Retype the listing found below exactly, but leave out each picture.

Dataset content below:

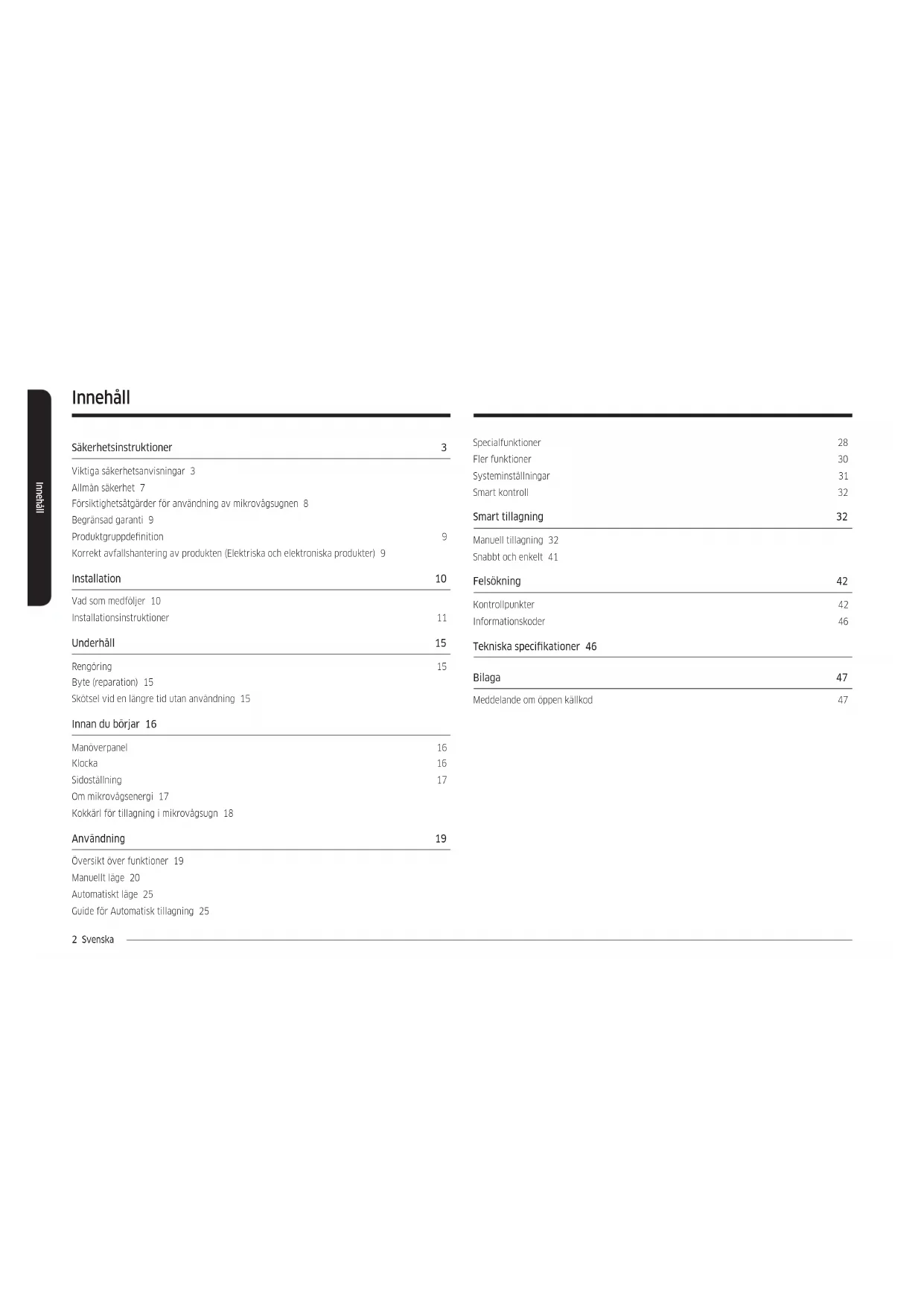 - (opłata według taryfy operatora) http://www.samsung.com/pl/support/ ROMANIA 0800872678 - Apel gratuit *8000 - Apel tarifat în reţea www.samsung.com/ro/support SERBIA 011 321 6899 www.samsung.com/rs/support SLOVAKIA 0800 - SAMSUNG (0800-726 786) www.samsung.com/sk/support LITHUANIA 8-800-77777 www.samsung.com/lt/support LATVIA 8000-7267 www.samsung.com/lv/support ESTONIA 800-7267 www.samsung.com/ee/support SLOVENIA 080 697 267 (brezplačna številka) www.samsung.com/si/support KOSOVO 038 40 30 90 www.samsung.com/support DG68-01402A-03Mikrovågsugn Bruksanvisning NQ5B5763D**2 Svenska Innehåll Innehåll Säkerhetsinstruktioner 3 Viktiga säkerhetsanvisningar 3 Allmän säkerhet 7 Försiktighetsåtgärder för användning av mikrovågsugnen 8 Begränsad garanti 9 Produktgruppdenition 9 Korrekt avfallshantering av produkten (Elektriska och elektroniska produkter) 9 Installation 10 Vad som medföljer 10 Installationsinstruktioner 11 Underhåll 15 Rengöring 15 Byte (reparation) 15 Skötsel vid en längre tid utan användning 15 Innan du börjar 16 Manöverpanel 16 Klocka 16 Sidoställning 17 Om mikrovågsenergi 17 Kokkärl för tillagning i mikrovågsugn 18 Användning 19 Översikt över funktioner 19 Manuellt läge 20 Automatiskt läge 25 Guide för Automatisk tillagning 25 Specialfunktioner 28 Fler funktioner 30 Systeminställningar 31 Smart kontroll 32 Smart tillagning 32 Manuell tillagning 32 Snabbt och enkelt 41 Felsökning 42 Kontrollpunkter 42 Informationskoder 46 Tekniska specikationer 46 Bilaga 47 Meddelande om öppen källkod 47Svenska 3 Säkerhetsinstruktioner Säkerhetsinstruktioner
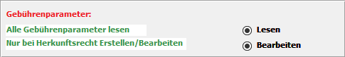 kann über die Option 'Gebührenparameter jeglicher Herkunft' dem Benutzer das Recht eingeräumt werden alle Gebührenparameter zu bearbeiten gleichwohl er das Recht Erstellen/Bearbeiten für das Herkunftsformular besitzt oder nicht besitzt.
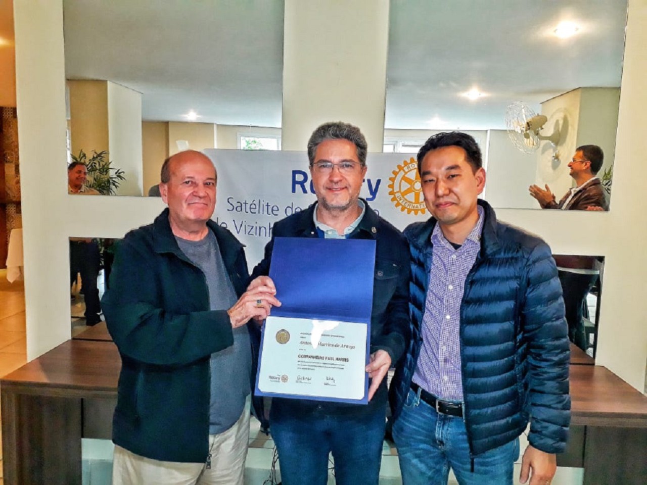 No dia 4 de agosto os companheiros do Rotary de São Paulo ? Saúde realizaram com os companheiros do Rotary Satélite de São Paulo Saúde ? Vizinhança solidária um companheirismo. Na ocasião o RSP Saúde homenageou com um Título Paul Harris para cada um dos seguintes companheiros do clube: Marcio Kazuo Watanabe, Eric Lieb, Antonio Martins de Araujo e Carlos Eduardo Nishio.
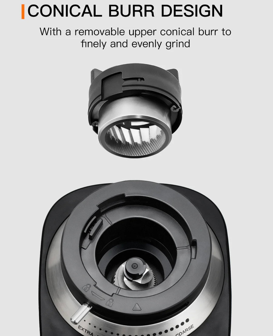 The professional grade conical burr coffee grinder ensures none of the beans essential oils are lost by way of oxidation, ensuring the richest quality flavor and aroma.

End of Dataset content.

**Solution to the problem:**
 - (opłata według taryfy operatora) http://www.samsung.com/pl/support/ ROMANIA 0800872678 - Apel gratuit *8000 - Apel tarifat în reţea www.samsung.com/ro/support SERBIA 011 321 6899 www.samsung.com/rs/support SLOVAKIA 0800 - SAMSUNG (0800-726 786) www.samsung.com/sk/support LITHUANIA 8-800-77777 www.samsung.com/lt/support LATVIA 8000-7267 www.samsung.com/lv/support ESTONIA 800-7267 www.samsung.com/ee/support SLOVENIA 080 697 267 (brezplačna številka) www.samsung.com/si/support KOSOVO 038 40 30 90 www.samsung.com/support DG68-01402A-03Mikrovågsugn Bruksanvisning NQ5B5763D**2 Svenska Innehåll Innehåll Säkerhetsinstruktioner 3 Viktiga säkerhetsanvisningar 3 Allmän säkerhet 7 Försiktighetsåtgärder för användning av mikrovågsugnen 8 Begränsad garanti 9 Produktgruppdenition 9 Korrekt avfallshantering av produkten (Elektriska och elektroniska produkter) 9 Installation 10 Vad som medföljer 10 Installationsinstruktioner 11 Underhåll 15 Rengöring 15 Byte (reparation) 15 Skötsel vid en längre tid utan användning 15 Innan du börjar 16 Manöverpanel 16 Klocka 16 Sidoställning 17 Om mikrovågsenergi 17 Kokkärl för tillagning i mikrovågsugn 18 Användning 19 Översikt över funktioner 19 Manuellt läge 20 Automatiskt läge 25 Guide för Automatisk tillagning 25 Specialfunktioner 28 Fler funktioner 30 Systeminställningar 31 Smart kontroll 32 Smart tillagning 32 Manuell tillagning 32 Snabbt och enkelt 41 Felsökning 42 Kontrollpunkter 42 Informationskoder 46 Tekniska specikationer 46 Bilaga 47 Meddelande om öppen källkod 47Svenska 3 Säkerhetsinstruktioner Säkerhetsinstruktioner
 kann über die Option 'Gebührenparameter jeglicher Herkunft' dem Benutzer das Recht eingeräumt werden alle Gebührenparameter zu bearbeiten gleichwohl er das Recht Erstellen/Bearbeiten für das Herkunftsformular besitzt oder nicht besitzt.
 No dia 4 de agosto os companheiros do Rotary de São Paulo ? Saúde realizaram com os companheiros do Rotary Satélite de São Paulo Saúde ? Vizinhança solidária um companheirismo. Na ocasião o RSP Saúde homenageou com um Título Paul Harris para cada um dos seguintes companheiros do clube: Marcio Kazuo Watanabe, Eric Lieb, Antonio Martins de Araujo e Carlos Eduardo Nishio.
 The professional grade conical burr coffee grinder ensures none of the beans essential oils are lost by way of oxidation, ensuring the richest quality flavor and aroma.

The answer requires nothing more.